BEGIN

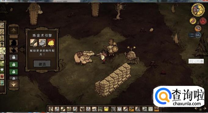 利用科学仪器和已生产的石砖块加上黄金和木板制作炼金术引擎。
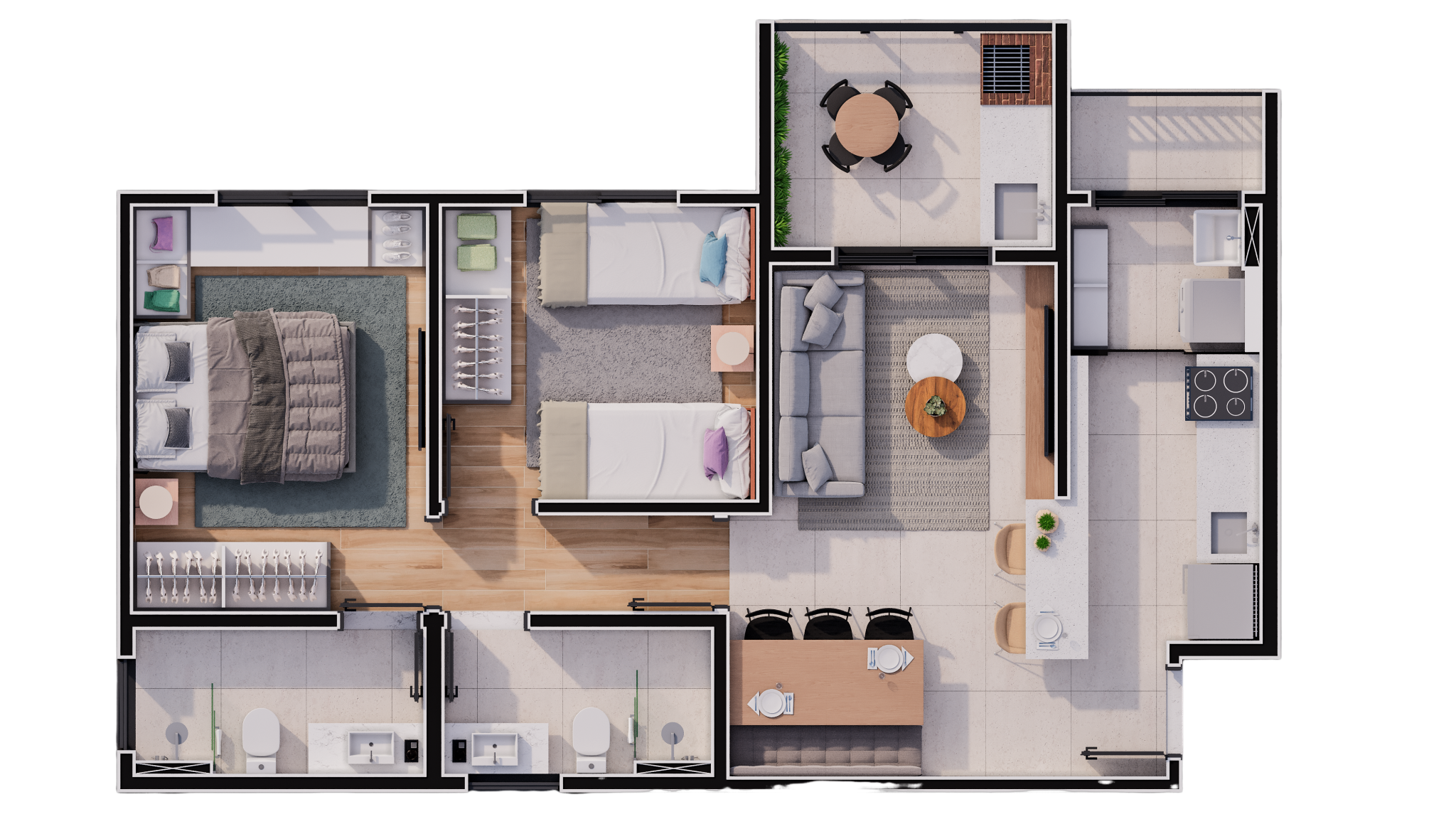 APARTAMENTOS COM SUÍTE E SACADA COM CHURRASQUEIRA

END
BEGIN

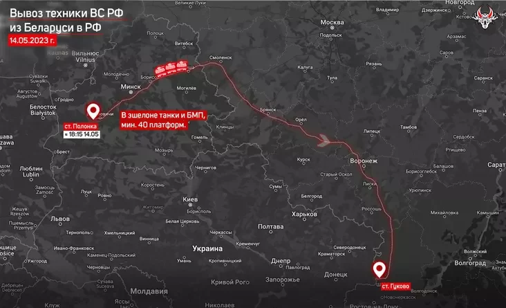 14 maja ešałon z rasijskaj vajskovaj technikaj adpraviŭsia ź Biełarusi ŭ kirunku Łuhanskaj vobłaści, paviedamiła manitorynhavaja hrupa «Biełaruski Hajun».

END

* [To do]: Look above for the line with "利用科学仪器和已生产的石砖块加上黄金和木板制作炼金术引擎。" and the line with "APARTAMENTOS COM SUÍTE", then restate exactly those two lines and all lines between them, with no pictures.

* [Written solution]:
 利用科学仪器和已生产的石砖块加上黄金和木板制作炼金术引擎。
 APARTAMENTOS COM SUÍTE E SACADA COM CHURRASQUEIRA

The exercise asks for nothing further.